Methods for processing the data:
Data are in the format used in analysis.
Instrument- or software-specific information needed to interpret the data:
We used Program R to format and analyze data. All R packages and functions needed to interpret the data are cited in the manuscript.
DATA-SPECIFIC INFORMATION FOR:
File: Nonstationarity-WildlifeDiseaseEcology.txt
Number of variables: 11
Number of cases/rows: 152818 (including the top row of column names)
Variable List and Information:
- Plague = a binary variable (1 or 0) indicating whether a given hectare of BTPD colony experienced plague (1) or not (0) between years
- Grassland = the site (i.e., National Grassland or National Wildlife Refuge) from which the colony data were derived
- CMRfull - Charles M. Russell National Wildlife Refuge
- Cimarron - Cimarron National Grassland
- ComancheSE - Comanche Carrizo National Grassland
- ComancheNW- Comanche Timpas National Grassland
- Kiowa- Kiowa National Grassland
- PawneeE- Pawnee East National Grassland
- PawneeW - Pawnee West National Grassland
- RitaBlanca- Rita Blanca National Grassland
- ThunderBasin - Thunder Basin National Grassland
- Year = the year of the observation
- ColonyID = the name of the colony from which the observation was derived (each colony within each grassland was given a unique number)
- MNN = mean nearest-neighbor distance between colonies (in meters)
- Cohesion = a metric of the connectedness of colonies, with higher values denoting less fragmented colonies (this metric does not have units)
- PlagueDist = nearest distance to a plagued site from the previous year (in meters)
- ColonySize = total area of a given colony (in hectares)
- CY_Precip = total precipitation (in mm) during the current calendar year (January-December, see 'Year' column above)
- WSSF_Precip = represents the extent to which winter/spring (WS, January-May) precipitation in year t+1 deviated from the long-term (2000-2020) average WS precipitation, compared to the extent to which summer/fall (SF, June-September) precipitation in year t deviated from the long-term average SF precipitation.
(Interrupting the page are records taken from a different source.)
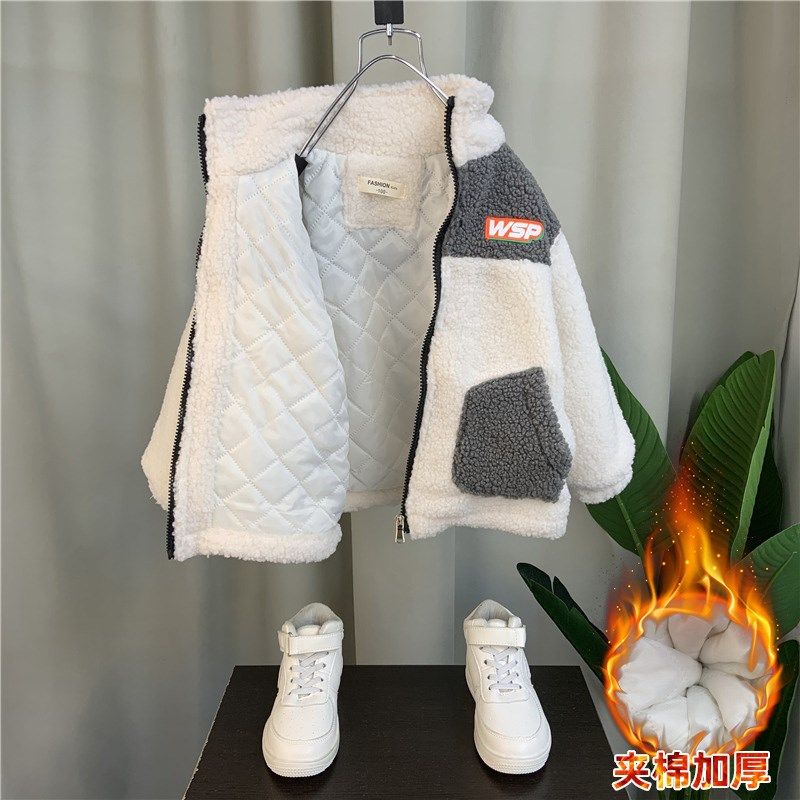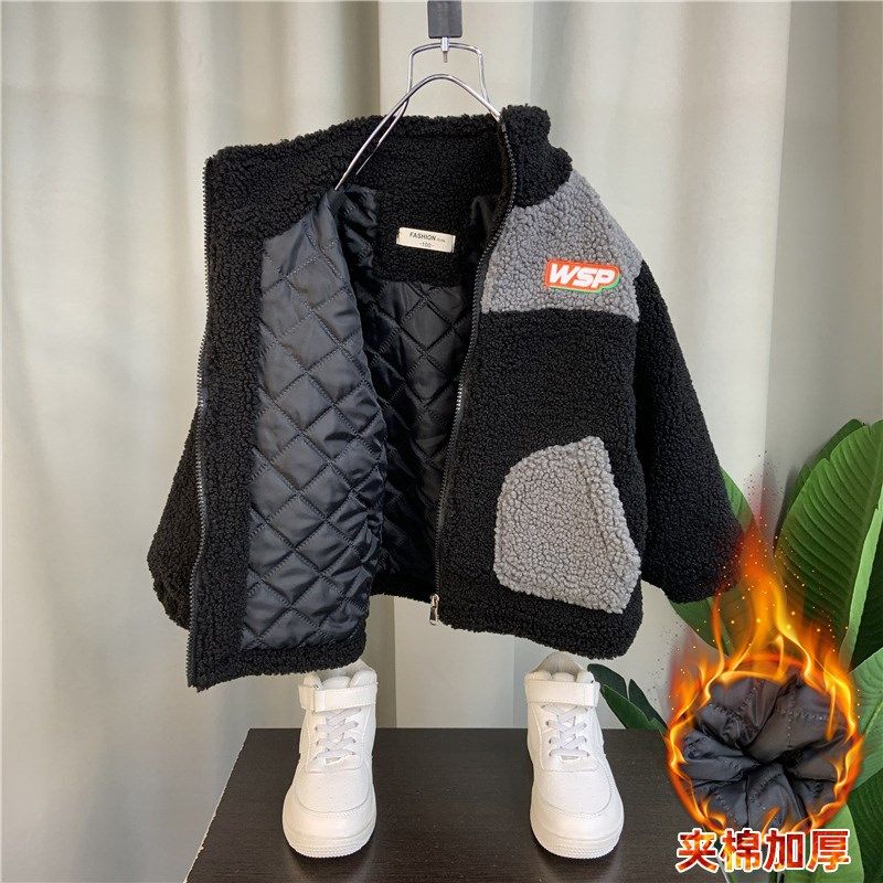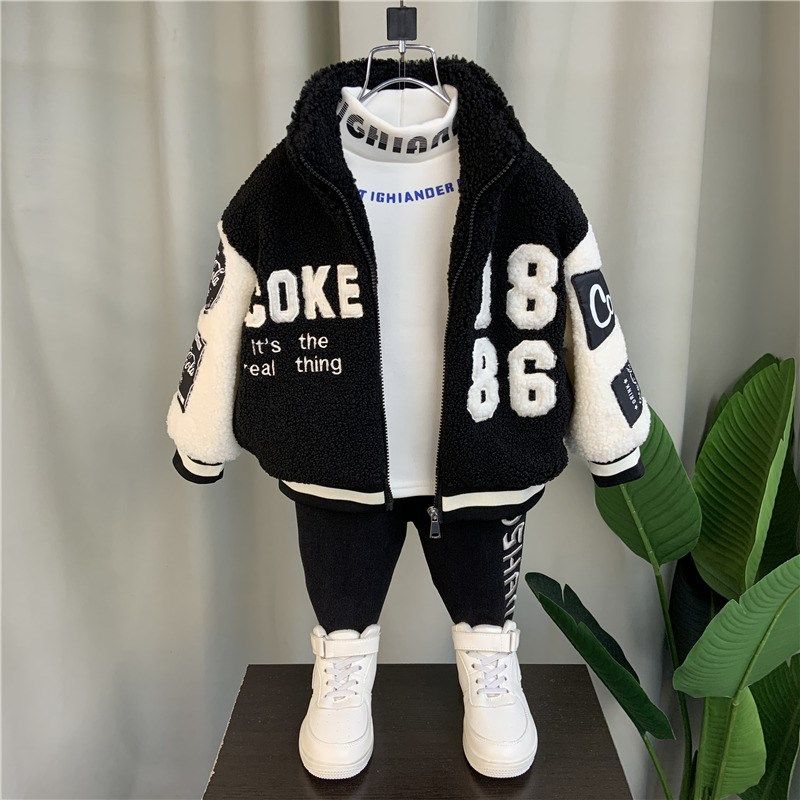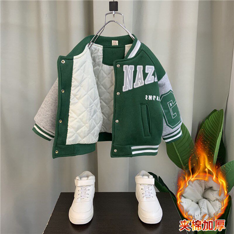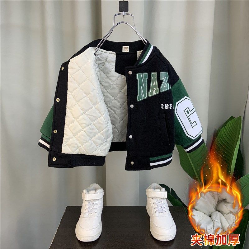 Korean boy velvet coat 2023 new baby winter cotton suit boy child thicker lamb baseball suit
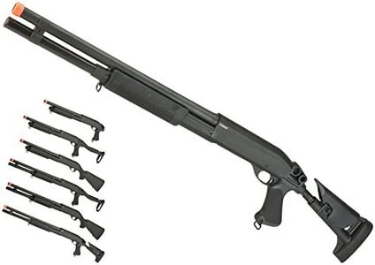 The shotgun shell magazine holds up to 30 rounds, giving you plenty of shots before needing to reload, which is great for longer skirmishes. Built with metal for both the frame and barrel, it feels sturdy and durable, able to handle rough play. The fixed hop-up system helps improve shot accuracy, though it doesn’t allow for adjustment, which may limit fine-tuning for different BB weights or distances. Weighing around 6.65 pounds, it strikes a reasonable balance—it's not too heavy but may feel a bit bulky for some users looking for lighter gear. The full rear-stock design adds stability for better aiming. However, it comes without a warranty, so any issues after purchase might need to be handled out of pocket.
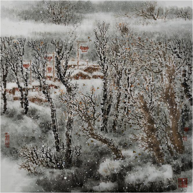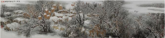 杜晓波作品中的景观,偏向于自然景观,源于他深入生活的底蕴和现实体验,多以横帔长幅的形制构图,时有立轴或斗方。他觉得横幅构图更有利于展示山舞银蛇、漫漫无际的雪乡吞吐大荒的壮观。他的取材多为皑皑雪山、冷冷冰河、层层玉树、雪压村舍,间有红灯高挂、玉米高筑、炊烟袅袅、喜鹊喳喳、牛羊欢呜……那天高地阔的境界,那深厚苍莽的意象,那充满生气的山景,既有别于古人冷寂荒寒的隐居山水,也不同于今人盛行于北方的“冰雪山水”。杜晓波力图展现的是与人类同在的永恒自然,是令人动心动情的生生不息的乡民栖息之的地。因此,他笔下雪乡景观的呈现,不用提炼过甚的笔墨符号,不作模糊印象的抽象处理,从局部和细节而言,颇有真实感从作品的整体而言,又有高度的综合和概括,既不乏古代雪景山水的营养,又巧妙地把包括形、光、色、明暗在内的西画创作技巧,有机地融在写意的传统笔墨体系之中使画面丰厚而富有体积感、质量感和现代气息。
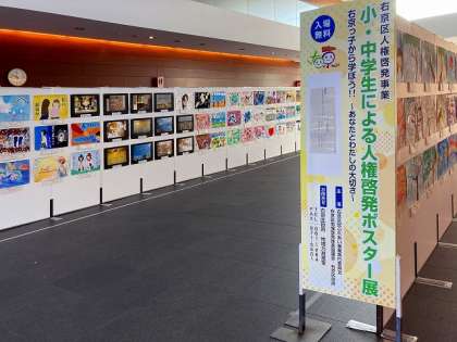 9月28日(木)から、サンサ右京では、区民への人権についての理解を深め、人権尊重のまちづくりを推進することを目的として、「小・中学生による人権啓発ポスター展」が開催されています。
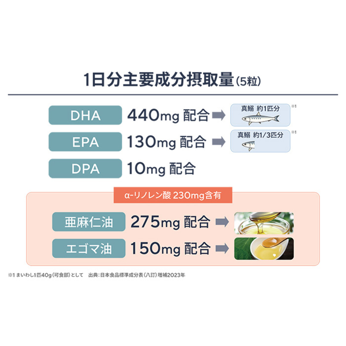 オメガ3系のα-リノレン酸を含む亜麻仁油を275mg、エゴマオイルを150mg配合(*1)。α-リノレン酸として約230mg、オメガ3系脂肪酸であるDPAも10mg含有しています(*1)
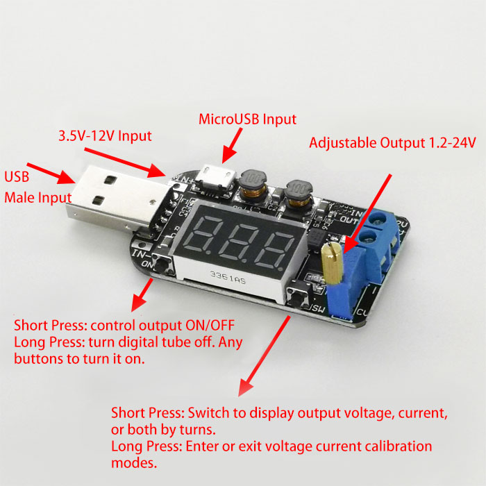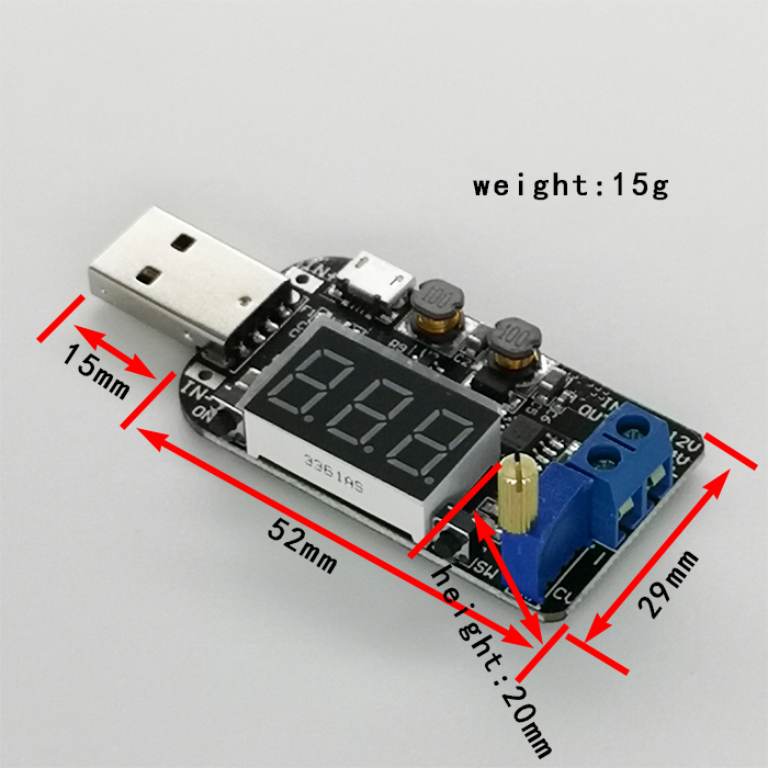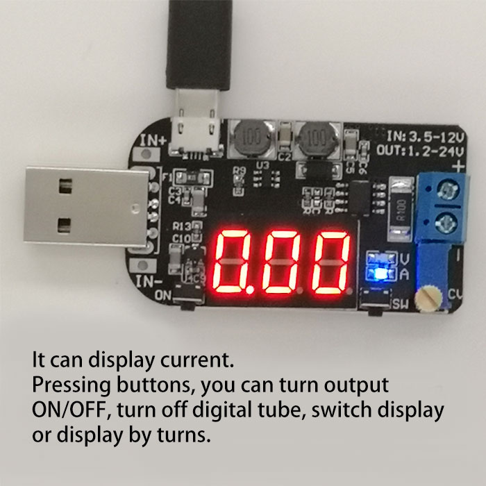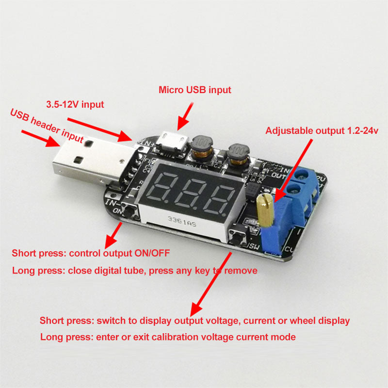 As long as you have a mobile phone charger and a USB 5V adapter, you can output an adjustable voltage from 1.2V to 24V with a power of 3W. You can use USB male or microUSB as input, it is very convenient to use. The voltage regulator uses a precise and long potentiometer, which can be adjusted manually without using a screwdriver. With voltage and current.

For example, positive values for WSSF_Precip indicate that a drier than average summer/fall was followed by a wetter than average winter/spring.
- MaxTemp C = represents the deviation in the average maximum temperature during the hottest months (June–August) of the previous year from the long-term average during 2000–2020 (e.g., a negative value denotes a cooler than average summer in the previous year).
Biologists from multiple agencies and organizations (e.g., U.S. Forest Service, U.S. Geological Survey, university partners, private contractors) mapped black-tailed prairie dog (BTPD) colony boundaries annually at our focal grasslands, which involved using GPS devices to record the outermost perimeter of each colony (usually during summer months). Such mapping produced shapefiles with polygons delineating colony boundaries, which we refer to as “colony data.” We then converted colony shapefiles into raster layers with 1-ha resolution, which is considered to be the minimum area necessary to constitute an active BTPD colony. We inferred plague outbreaks from annual changes in colony data, defining epizootics as declines of greater than 50% loss in colony area between consecutive years. Therefore, within colonies that suffered more than a 50% reduction in area between years, we classified raster cells that shifted from occupied by BTPDs to unoccupied as extinction events attributable to plague. To obtain model covariate, we used functions within the R package ‘landscapemetrics’ to calculate colony characteristics (e.g., mean nearest neighbor) and derived temperature and precipitation variables from the Daymet data product using functions within the R package ‘FedData’.